Give This Visiting Artist Some Space!!!
By Jim Durham
If
you don’t give artist Deana Rennick her space, she’ll create
it – out of thin air, or from the volume of nothingness
inside a structure she has crafted or installed.
Transylvania’s Kenan Visiting Artist, Rennick asks that the public come, give her feedback and experience her vision of place and space in a rare summer, site-specific show at Georgetown College’s Anne Wright Wilson Gallery, 5-7 p.m., Thursday (May 25). The huge, hollow forms she has been creating and installing should make for a lively gallery talk from 5:15-5:45 p.m., according to gallery director Elissa Morley. She added,
“Rennick’s work will pretty much fill the dimensions” of the Wilson’s 2,145-square foot, 16-foot floor-to-ceiling space.

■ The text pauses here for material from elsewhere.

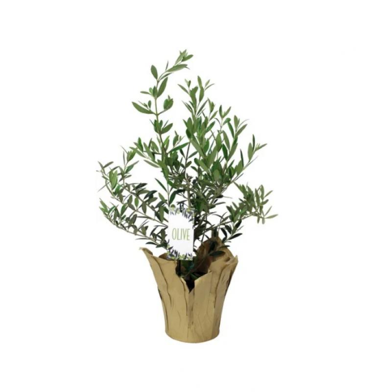 A Mediterranean evergreen with narrow, silvery-green leaves and smooth gray bark. When grown indoors, this slow-growing tree prefers bright, sunny windows and dry conditions. May fruit with proper care and light exposure.

Rennick, who was recently named one of Sculpture Magazine’s 2005 Contemporary Sculpture Award winners, said that five years of living in Alaska with her son – including in such abodes as a fifth-wheel trailer, a tent, a cabin, a shed, a house, and a cab-over camper – has greatly influenced her art. “By living in these different shelters and being affected constantly by my surroundings, I have developed a deep interest in my intuitive understanding of a sense of place, both in architecture and in landscape, and of the space — or volume — that a place occupies,” she writes. “Thinking about the volume of a place has led me to create hollow forms that explore that sense of place and that provoke questions about the form’s relationship to its particular surroundings.”
“I
generally use a lot of material that is practical – such as
landscaping textiles – or disposable (construction tar-paper
or insulation),” said the recent Ohio State University
graduate. “Usually I sew them together.” Her spring exhibit
that brought great reviews at Transy’s Morlan Gallery was an
example.
“Recent Work by Deana Rennick” with its soaring, air-filled columns that will have patrons looking upward is quite different. “For one, this is the first time I have used tape,” she said. “And, I really like using something like newsprint that isn’t usually thought of as being beautiful.”
“I like the viewer to come in and explore the space – as there is usually a sense of movement.”
During the second hour of the opening reception, from 6-7 p.m., the Donald and Dorothy Jacobs Gallery – Georgetown College’s permanent collection of contemporary works – will be open for a special showing in the Ensor Learning Resource Center across the street.
The Rennick exhibit is up through Aug. 24. Regular hours for the Wilson gallery, corner of Mulberry and College streets, are M-W-F noon-4:30 p.m., Sundays 1:30-4 p.m. Parking is also allowed in the Georgetown Baptist Church lot catty-cornered from the art building.